Post-cinematic analysis

July 03, 2008

Does seeing a good movie ever really make you want to go out and gorilla-produce your own masterpiece?  We watched Wall-E tonight and it kind of had that effect on me, although it also made me wish I could work on computing problems that would yield something as cool and as tangible as a feature film.  While I work at a cool place, I don’t often feel truly connected to the cool stuff that we do.  There’s two ways to look at that:  I’m stuck in a backwater or I’m not trying hard enough to get involved.

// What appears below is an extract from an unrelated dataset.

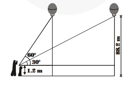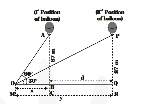 A 1.2 m tall girl spots a balloon moving with the wind in a horizontal line at a height of 88.2 m from the ground. The angle of elevation of the balloon from the eyes of the girl at any instant is 60°. After some time, the angle of elevation reduces to 30°. Find the distance travelled by the balloon during the interval.
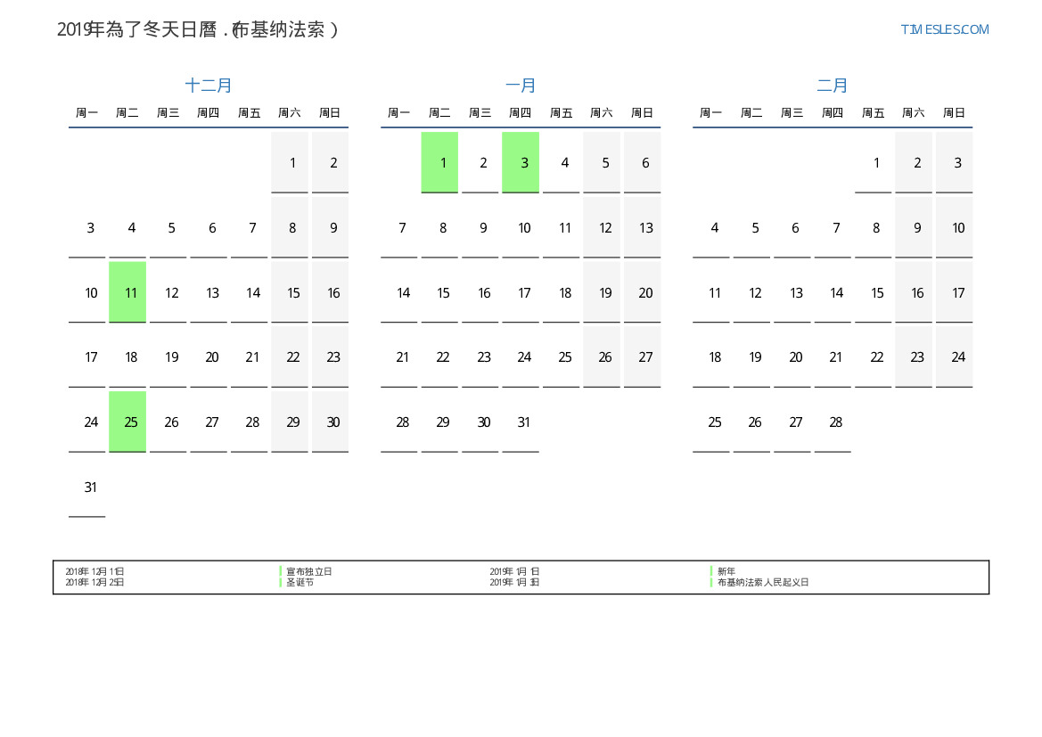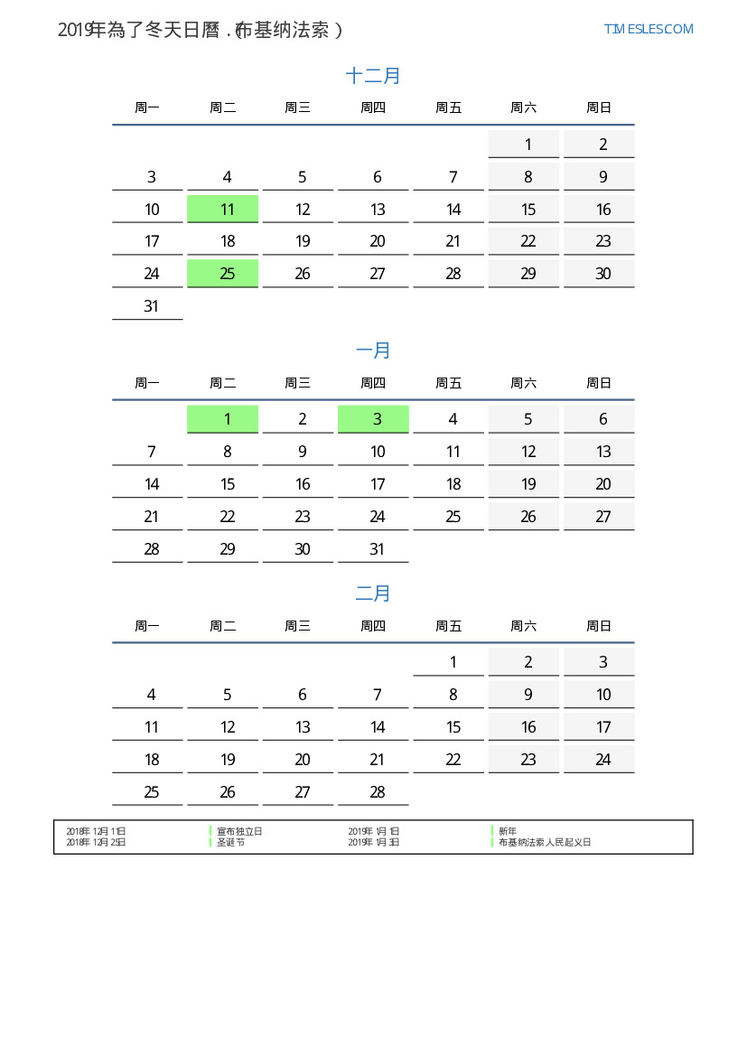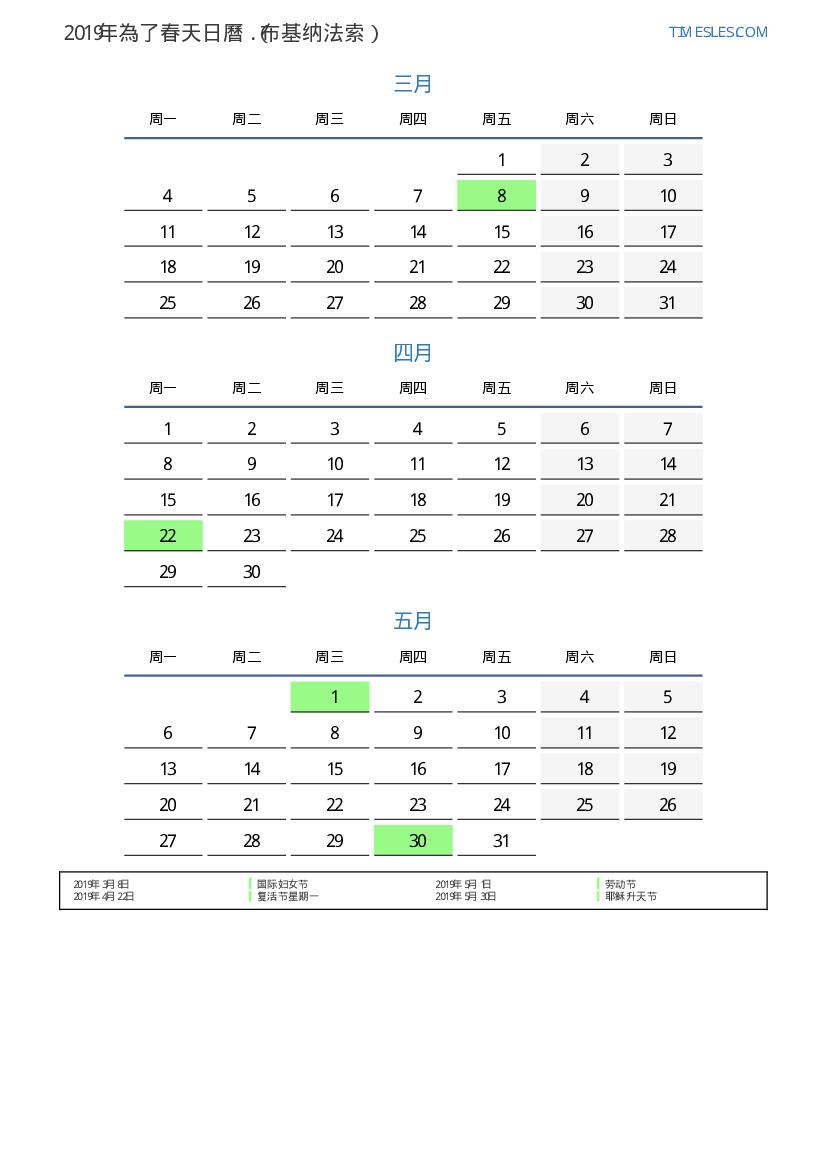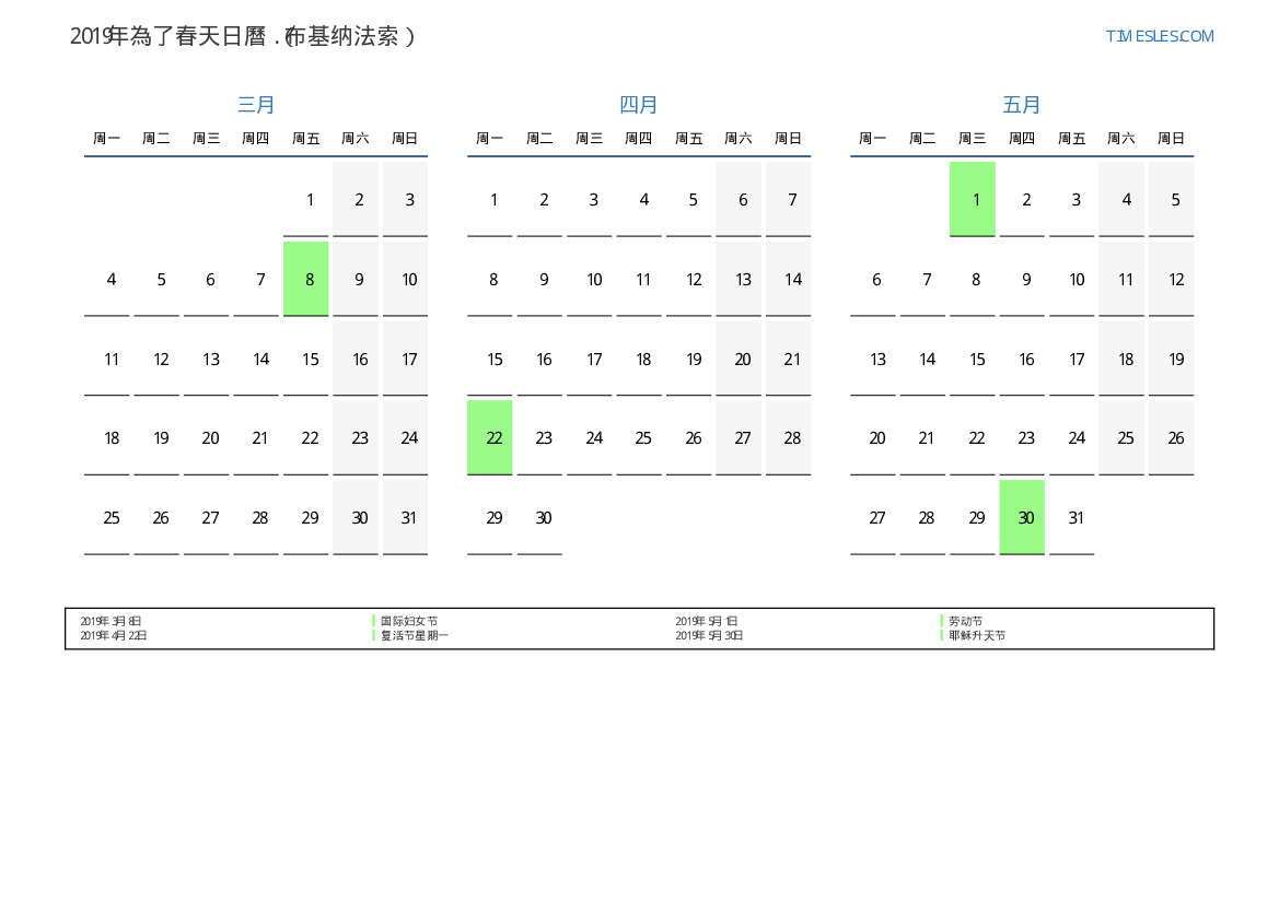 布基纳法索下載並打印2019年為了春天假期和周末的PDF日曆

That comes back to one of those “two kinds of people” generalizations: there are those that let things happen to them, and those that make things happen.  No one can truly be completely one way or the other; even really passive people find food, and the most assertive/agressive people I know still pay taxes, but there are ways to polarize both of those things.  “I don’t know, what do you want to eat?” is a common refrain around my home, so it’s probably obvious with which group I tend to hang.

Knowing how much pressure to apply is something I struggle with constantly.  There may be things I really want, but there’s also trying and pushing too hard.  I often find myself being aggressive-passive, forf lack of the right term; I’ll push really hard to start something and then lose interest or energy shortly after I get started.  Unfortunately, I’ve gotten good enough at it that I manage to build up enough momentum at first that I can coast through.  That can appear really annoying to others because it makes it seem like everything comes easily to me.  Building up that initial momentum is hard and takes a lot out of me, so I naturally want to fall back to my passive state right afterwards.  Of course that also means I end up disappointed — no one ever gets all of what they want by having a great start, a tepid second act, and a phoned-in ending.